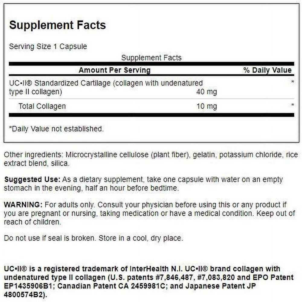 Keep your joints working comfortably with the patented nutrition of UC-II(R) Standardized Collagen. Awarded four U.S. patents for use in promoting joint health, UC-II is the only type II collagen supplement that's undenatured, retaining its original molecular structure. 40 mg UC II standardized cartilage (collagen with undenatured type II collagen) per serving.
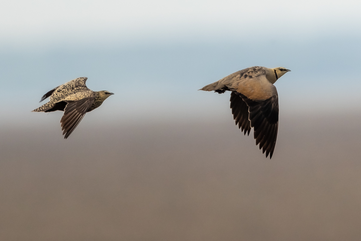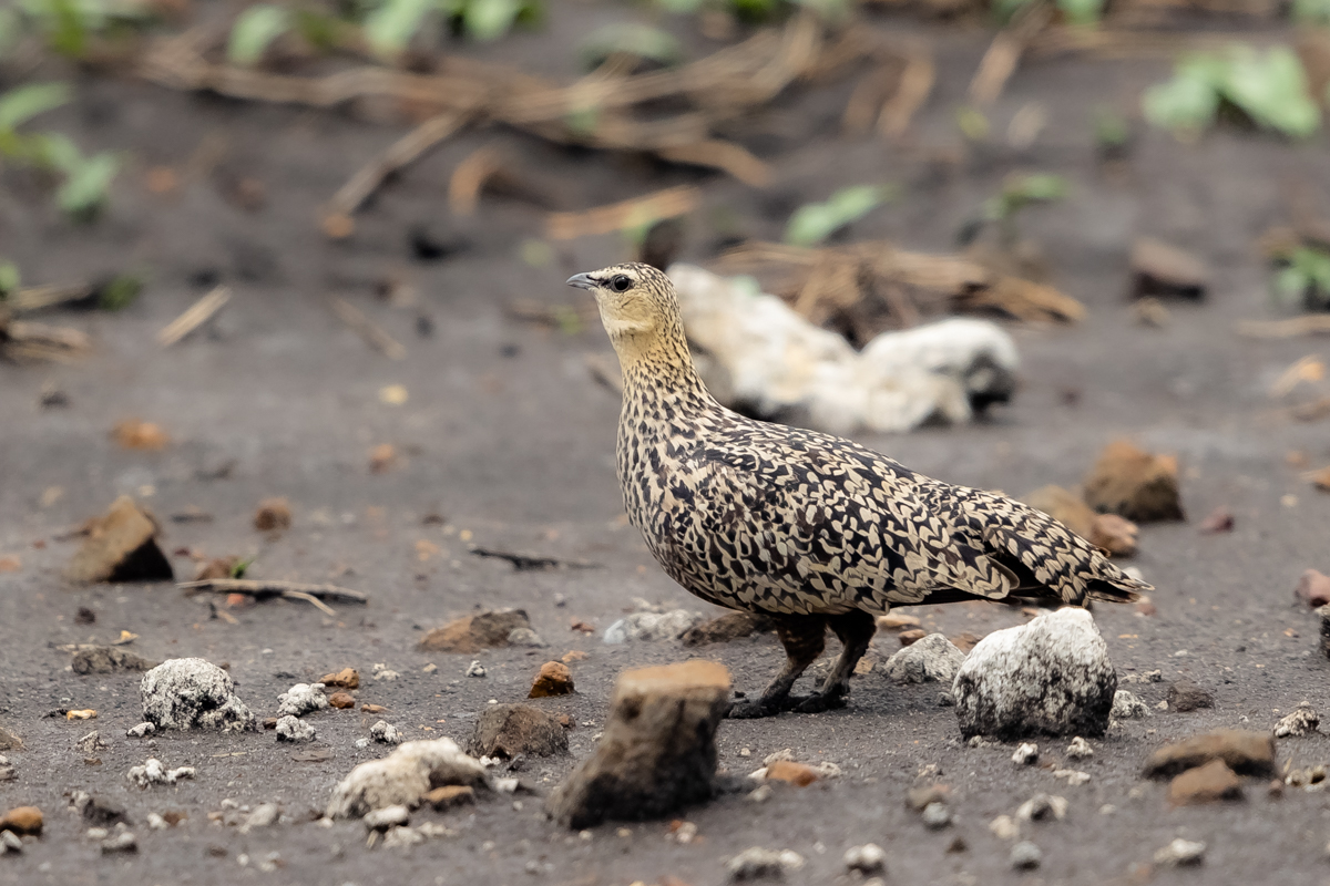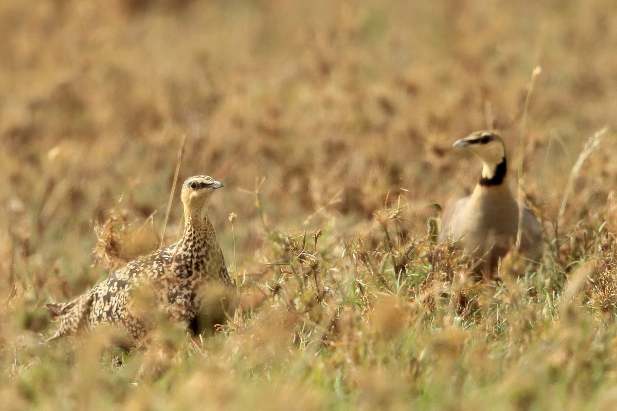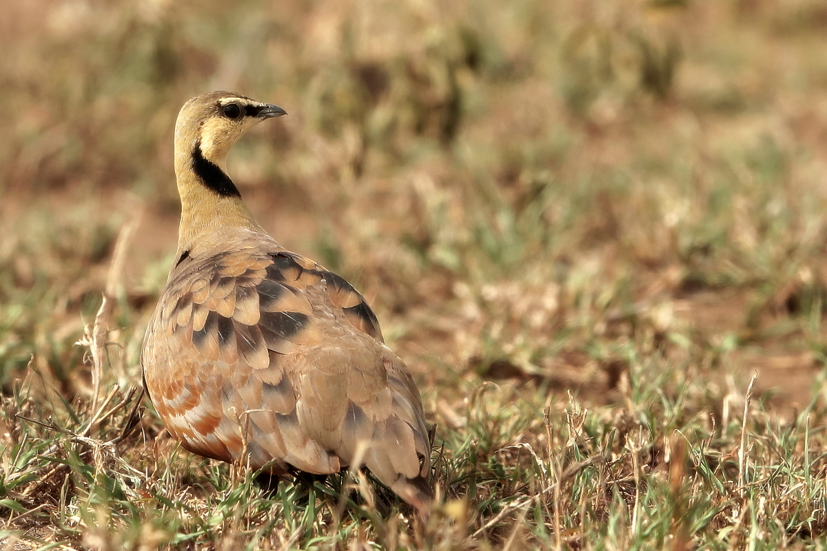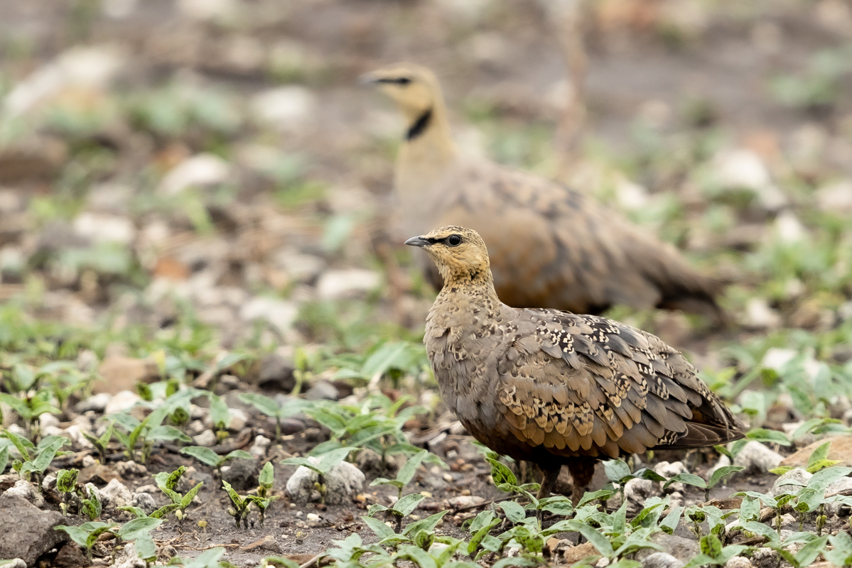 There are many reasons to be satisfied after my returning from Tanzania. One of them are new galleries of sandgrouses. I remember how hard it was to photograph my first sandgrouses in Fuerteventura or Pallas's Sandgrouse in Mongolia, then taking photos of those birds in Tanzania was a piece of cake. Well, maybe not just like that, because you have to find them, but when driving all day, watching closely it is possible as you can see. It did not happen too often, but only when the birds were found  they made an easy object for us to photograph at least for a moment. Sometimes, when we saw sandgrouses we stopped for a longer time and waited for the birds, that calmly feeding took a good position for photos. Sometimes quite funny situations took place. People from another car passing nearby saw us waiting with lenses pointed to something. On safari, nobody would want to overlook anything, especially since sometimes impatience grows after the ineffective searching for lions. The car came up, our guide spoke the words "Nege nege" often repeated in situations like that - a smile appeared on their faces and they left. "Nege nege" simply means "BIRDS" in Swahili. I guess an ornithological trip to Tanzania is still a rarity. Most of the participants of expeditions to Africa are going there to see elephants, giraffes, rhinos, zebras, in other words, all these well-known animals. Well, how it was with my sandgrouses. It was amazing in Africa all that abundance of animals. When driving among lush greenery, every now and then some animals appear around. But we decide to drive up a bit higher, up the hill near the lake. Beautiful view, but a bit further after a quarter of an hour a completely different vegetation can be seen. Stony ground, not many grasses or shrubs and among them a number of sandgrouses. Really great shooting, which in the case of these species is possible to perform probably only in winter (25-30 degrees the daytime temperature), due to  wintering. All in all three species of sandgrouses (chestnut-bellied, black-faced and yellow- throated) were photographed. This text is common to these three start galleries.
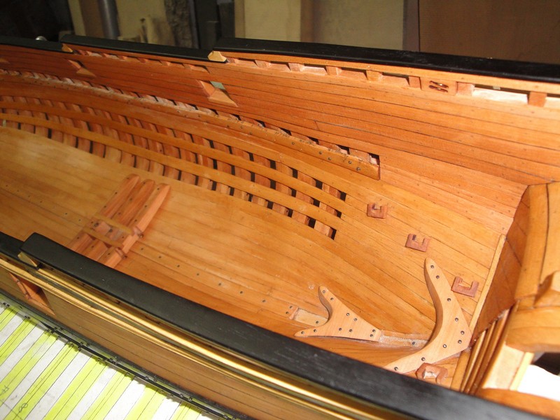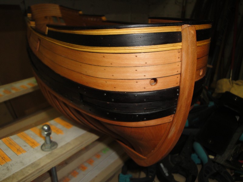 Skonczylem poszycie wewnetrzne i zewnetrzne. Jak widac na zalaczonych fotkach nie bedzie to model w konwencji admiralskiej ale tez nie calkowicie poszyty. Zdecydowalem sie na rozwiazanie posrednie, zeby moc pokazac mozliwie duzo wnetrza oraz wregi. Caly model zostal pokryty olejem lnianym.

**What the task asks**
Write the lines above out again exactly, excluding every picture.

**Solved problem**
 Keep your joints working comfortably with the patented nutrition of UC-II(R) Standardized Collagen. Awarded four U.S. patents for use in promoting joint health, UC-II is the only type II collagen supplement that's undenatured, retaining its original molecular structure. 40 mg UC II standardized cartilage (collagen with undenatured type II collagen) per serving.
 There are many reasons to be satisfied after my returning from Tanzania. One of them are new galleries of sandgrouses. I remember how hard it was to photograph my first sandgrouses in Fuerteventura or Pallas's Sandgrouse in Mongolia, then taking photos of those birds in Tanzania was a piece of cake. Well, maybe not just like that, because you have to find them, but when driving all day, watching closely it is possible as you can see. It did not happen too often, but only when the birds were found  they made an easy object for us to photograph at least for a moment. Sometimes, when we saw sandgrouses we stopped for a longer time and waited for the birds, that calmly feeding took a good position for photos. Sometimes quite funny situations took place. People from another car passing nearby saw us waiting with lenses pointed to something. On safari, nobody would want to overlook anything, especially since sometimes impatience grows after the ineffective searching for lions. The car came up, our guide spoke the words "Nege nege" often repeated in situations like that - a smile appeared on their faces and they left. "Nege nege" simply means "BIRDS" in Swahili. I guess an ornithological trip to Tanzania is still a rarity. Most of the participants of expeditions to Africa are going there to see elephants, giraffes, rhinos, zebras, in other words, all these well-known animals. Well, how it was with my sandgrouses. It was amazing in Africa all that abundance of animals. When driving among lush greenery, every now and then some animals appear around. But we decide to drive up a bit higher, up the hill near the lake. Beautiful view, but a bit further after a quarter of an hour a completely different vegetation can be seen. Stony ground, not many grasses or shrubs and among them a number of sandgrouses. Really great shooting, which in the case of these species is possible to perform probably only in winter (25-30 degrees the daytime temperature), due to  wintering. All in all three species of sandgrouses (chestnut-bellied, black-faced and yellow- throated) were photographed. This text is common to these three start galleries.
 Skonczylem poszycie wewnetrzne i zewnetrzne. Jak widac na zalaczonych fotkach nie bedzie to model w konwencji admiralskiej ale tez nie calkowicie poszyty. Zdecydowalem sie na rozwiazanie posrednie, zeby moc pokazac mozliwie duzo wnetrza oraz wregi. Caly model zostal pokryty olejem lnianym.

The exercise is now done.